Pour le livre |Emmanuel Macron, homme politique à cheval sur le XIXe et le XXIe siècle, face aux réalités d'un enseignement supérieur saturé.

Guillaume Erner : Marianne Rubinstein, vous allez nous expliquer ce matin en quoi Emmanuel Macron est à la fois un homme du XIXe siècle et du XXIe siècle.

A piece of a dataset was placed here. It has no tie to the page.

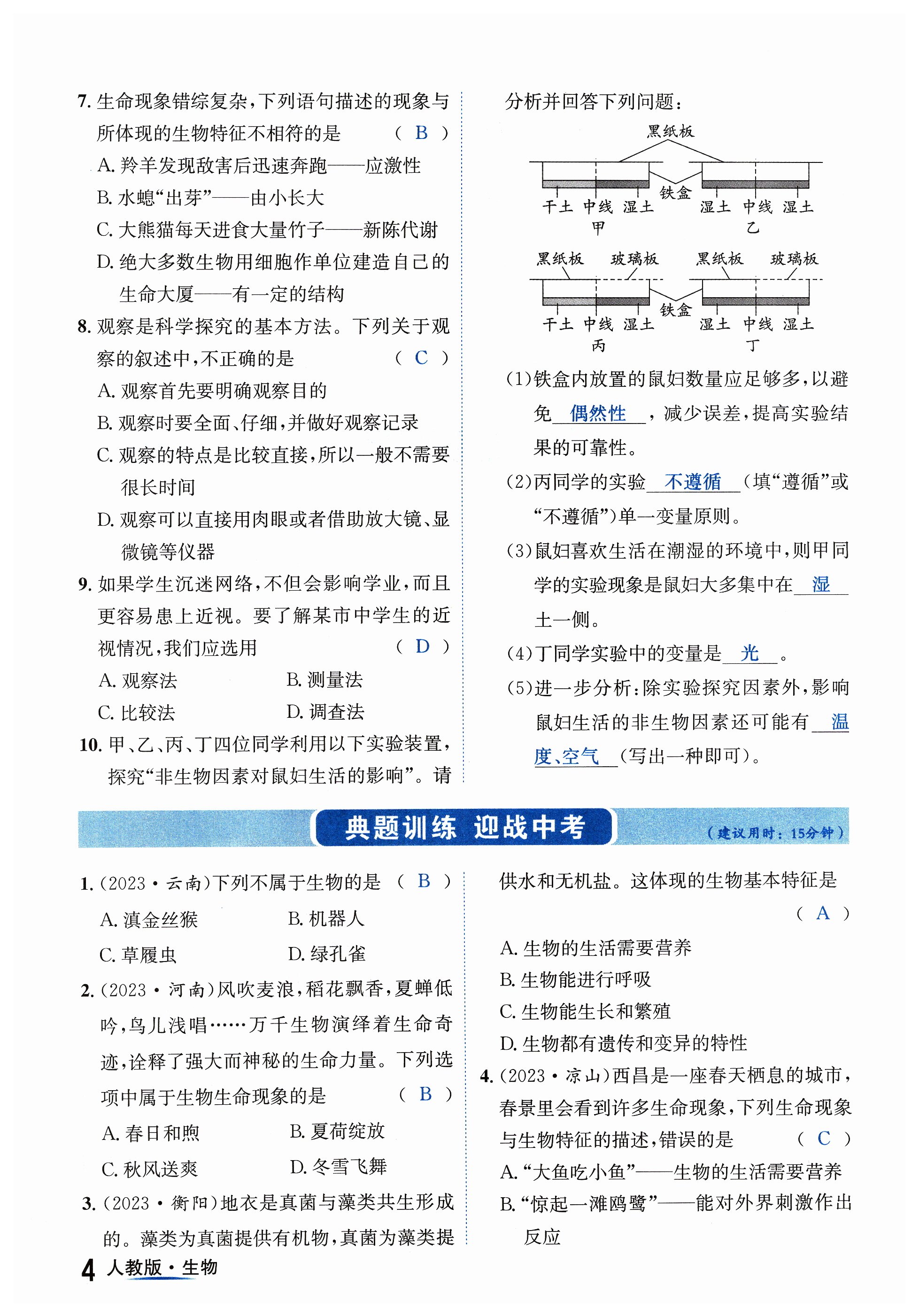 注:目前有些书本章节名称可能整理的还不是很完善,但都是按照顺序排列的,请同学们按照顺序仔细查找。练习册 2024年国华考试中考总动员生物人教版四川专版 答案主要是用来给同学们做完题方便对答案用的,请勿直接抄袭。

Oui Guillaume Erner. Le mythe est un langage, écrivait Roland Barthes dans ses Mythologies. Un langage qu’il est intéressant de décrypter. Or, notre nouveau Président de la République, dans sa « mythologie » personnelle, est tout cela à la fois. D’un côté, le jeune homme balzacien, brillant, ambitieux, aimant la littérature, qui monte à Paris pour réussir. Et aussi le jeune homme romantique qui brave les interdits pour vivre son amour impossible avec sa professeure de français.

Guillaume Erner : Voilà pour le XIXe, mais pour le XXIe siècle ?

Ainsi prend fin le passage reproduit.